To give you an idea of what you can do with this, suppose you would like
to discover new variable blue supergiants in the Gaia data (who knows –
you might discover the precursor of the next nearby supernova!). You
could start with establishing color cuts and train your favourite
machine learning device on light curves of variable blue supergiants.
Here's how to get (and, for simplicity, plot) time series of stars
classified as blue supergiants by Simbad for which Gaia DR2 lightcurves
are available, using pyvo and a little async trick:
from matplotlib import pyplot as plt
import pyvo
def main():
simbad = pyvo.dal.TAPService(
"http://simbad.u-strasbg.fr:80/simbad/sim-tap")
gavodc = pyvo.dal.TAPService("http://dc.g-vo.org/tap")
# Get blue supergiants from Simbad
simjob = simbad.submit_job("""
select main_id, ra, dec
from basic
where otype='BlueSG*'""")
simjob.run()
# Get lightcurves from Gaia
try:
simjob.wait()
time_series = gavodc.run_sync("""
SELECT b.*, bp_obs_time, bp_flux, rp_obs_time, rp_flux
FROM (SELECT
main_id, source_id, g.ra, g.dec
FROM
gaia.dr2light as g
JOIN TAP_UPLOAD.t1 AS tc
ON (0.002>DISTANCE(tc.ra, tc.dec, g.ra, g.dec))
OFFSET 0) AS b
JOIN gaia.dr2epochflux
USING (source_id)
""",
uploads={"t1": simjob.result_uri})
finally:
simjob.delete()
# Now plot one after the other
for row in time_series.table:
plt.plot(row["bp_obs_time"], row["bp_flux"])
plt.plot(row["rp_obs_time"], row["rp_flux"])
plt.show(block=False)
raw_input("{}; press return for next...".format(row["main_id"]))
plt.cla()
if __name__=="__main__":
main()
If you bother to read the code, you'll notice that we transfer the
Simbad result directly to the GAVO data center without first
downloading it. That's fairly boring in this case, where the table is
small. But if you have a narrow pipe for one reason or another and some
105 rows, passing around async result URLs is a useful trick.
In this particular case the whole thing returns just four stars, so
perhaps that's not a terribly useful target for your learning machine.
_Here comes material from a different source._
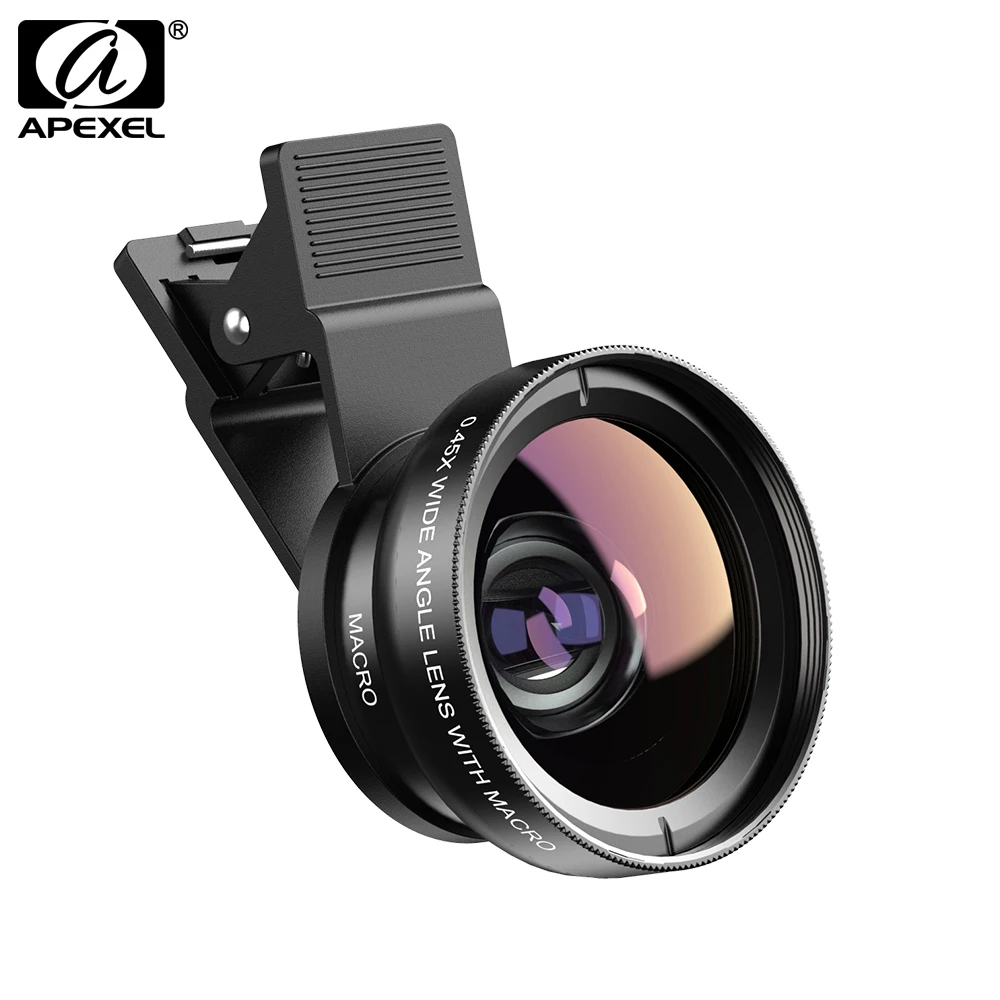 Объектив камеры APEXEL 10 шт.лот, оптовая продажа, супер широкий угол 0,45x + супермакро-объектив 12,5x HD для телефона, Прямая поставка

But this piece of code should get you started to where there's more
data.
You should read the column descriptions and footnotes in the query
results (or from the reference URL) – this
tells you how to interpret the times and how to make magnitudes from the
fluxes if you must. You probably can't hear it any more, but just in
case: If you can, process fluxes rather than magnitudes from Gaia,
because the errors are painful to interpret in magnitudes when the
fluxes are small (try it!).
Note how the photometry data is stored in arrays in the database, and
that VOTables can just transport these. The bad news is that support for
manipulating arrays in ADQL is pretty much zero at this point; this
means that, when you have trained your ML device, you'll probably have
to still download lots and lots of light curves rather than write some
elegant ADQL to do the filtering server-side. However, I'd be highly
interested to work out how some tastefully chosen user defined functions
might enable offloading at least a good deal of that analysis to the
database. So – if you know what you'd like to do, by all means let me
know. Perhaps there's something I can do for you.
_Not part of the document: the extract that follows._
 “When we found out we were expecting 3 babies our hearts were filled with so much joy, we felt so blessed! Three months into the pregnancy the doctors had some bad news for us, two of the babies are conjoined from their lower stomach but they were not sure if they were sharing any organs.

Incidentally, I'll talk a bit more about ADQL arrays in a blog post
coming up in a few weeks (I think). Don't miss it, subscribe to our
feed).
Datalink
In the results from queries involving gaia.dr2epochflux, we also
provide datalinks. These let you retrieve lightcurves that already have
mags and that are more easily plotted. Perhaps more importantly, they
link back to the full ESAC lightcurves that, in addition, give you a lot
more debug information and are required if you want to reliably identify
photometry points with the identifiers of the transits that generated
them.
Datalink support in clients still is not great, but it's growing nicely.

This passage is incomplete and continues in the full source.